_Dataset section_:
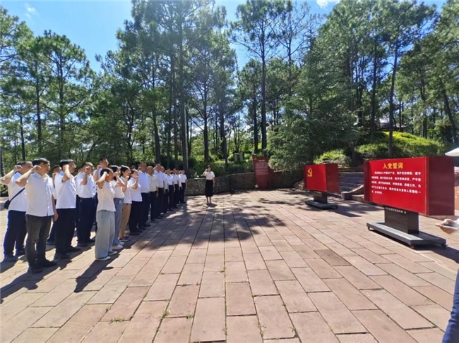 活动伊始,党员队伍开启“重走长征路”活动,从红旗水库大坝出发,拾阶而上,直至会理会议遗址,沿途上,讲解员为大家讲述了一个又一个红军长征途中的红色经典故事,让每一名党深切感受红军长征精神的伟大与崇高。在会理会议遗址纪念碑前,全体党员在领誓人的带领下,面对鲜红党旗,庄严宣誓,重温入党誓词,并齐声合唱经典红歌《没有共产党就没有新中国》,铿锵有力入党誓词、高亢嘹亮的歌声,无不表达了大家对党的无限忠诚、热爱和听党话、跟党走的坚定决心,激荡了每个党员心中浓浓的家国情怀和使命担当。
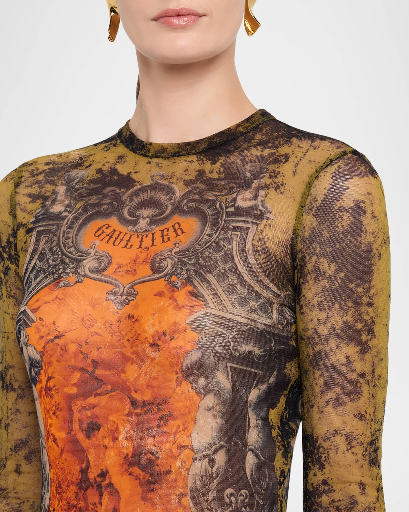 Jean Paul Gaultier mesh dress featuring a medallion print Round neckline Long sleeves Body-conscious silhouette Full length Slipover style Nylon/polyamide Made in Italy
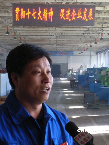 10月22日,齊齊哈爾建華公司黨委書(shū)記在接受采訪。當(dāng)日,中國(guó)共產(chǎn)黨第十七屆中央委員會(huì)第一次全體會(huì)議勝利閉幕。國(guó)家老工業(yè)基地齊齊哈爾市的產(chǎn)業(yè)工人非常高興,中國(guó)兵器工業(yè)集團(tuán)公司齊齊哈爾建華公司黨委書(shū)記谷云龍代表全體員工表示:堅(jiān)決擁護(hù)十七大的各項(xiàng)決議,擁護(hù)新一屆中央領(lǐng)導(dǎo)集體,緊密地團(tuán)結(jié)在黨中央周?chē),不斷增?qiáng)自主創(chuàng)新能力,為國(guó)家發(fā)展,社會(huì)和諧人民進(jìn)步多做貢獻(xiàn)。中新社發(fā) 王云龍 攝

_Problem_:
Reproduce all of the data exactly, omitting each picture it holds.

_Reply_:
 活动伊始,党员队伍开启“重走长征路”活动,从红旗水库大坝出发,拾阶而上,直至会理会议遗址,沿途上,讲解员为大家讲述了一个又一个红军长征途中的红色经典故事,让每一名党深切感受红军长征精神的伟大与崇高。在会理会议遗址纪念碑前,全体党员在领誓人的带领下,面对鲜红党旗,庄严宣誓,重温入党誓词,并齐声合唱经典红歌《没有共产党就没有新中国》,铿锵有力入党誓词、高亢嘹亮的歌声,无不表达了大家对党的无限忠诚、热爱和听党话、跟党走的坚定决心,激荡了每个党员心中浓浓的家国情怀和使命担当。
 Jean Paul Gaultier mesh dress featuring a medallion print Round neckline Long sleeves Body-conscious silhouette Full length Slipover style Nylon/polyamide Made in Italy
 10月22日,齊齊哈爾建華公司黨委書(shū)記在接受采訪。當(dāng)日,中國(guó)共產(chǎn)黨第十七屆中央委員會(huì)第一次全體會(huì)議勝利閉幕。國(guó)家老工業(yè)基地齊齊哈爾市的產(chǎn)業(yè)工人非常高興,中國(guó)兵器工業(yè)集團(tuán)公司齊齊哈爾建華公司黨委書(shū)記谷云龍代表全體員工表示:堅(jiān)決擁護(hù)十七大的各項(xiàng)決議,擁護(hù)新一屆中央領(lǐng)導(dǎo)集體,緊密地團(tuán)結(jié)在黨中央周?chē),不斷增?qiáng)自主創(chuàng)新能力,為國(guó)家發(fā)展,社會(huì)和諧人民進(jìn)步多做貢獻(xiàn)。中新社發(fā) 王云龍 攝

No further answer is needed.